DATA FOR PROCESSING:
⁂

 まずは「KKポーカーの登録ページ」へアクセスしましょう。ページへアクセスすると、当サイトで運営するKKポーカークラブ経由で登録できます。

⁂

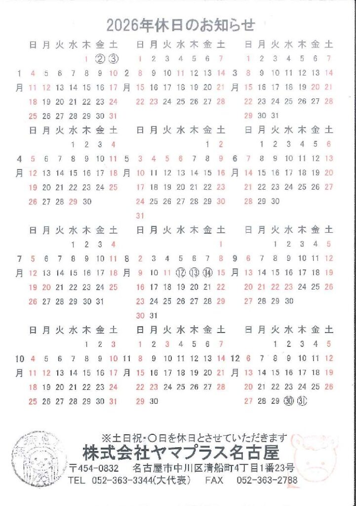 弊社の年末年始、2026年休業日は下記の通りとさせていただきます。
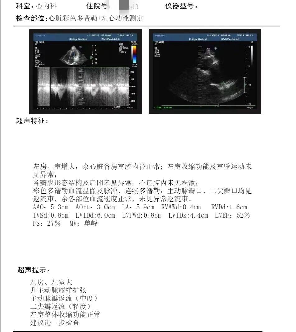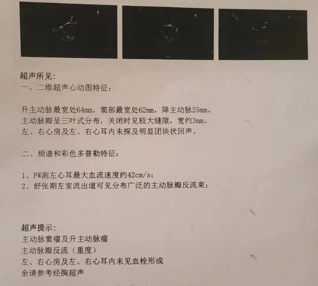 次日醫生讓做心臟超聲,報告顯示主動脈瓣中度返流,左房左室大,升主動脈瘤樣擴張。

⁂

PROBLEM REQUIREMENTS:
Output exactly those lines of the data above that run from the line with "弊社の年末年始、2026年休業日は下記の通りとさせていただきます。" up to and including the line with "次日醫生讓做心臟超聲,報告顯示主動脈瓣中度返流,左房左室大,升主動脈瘤樣擴張。". No pictures go in.

EXERCISE RESPONSE:
 弊社の年末年始、2026年休業日は下記の通りとさせていただきます。
 次日醫生讓做心臟超聲,報告顯示主動脈瓣中度返流,左房左室大,升主動脈瘤樣擴張。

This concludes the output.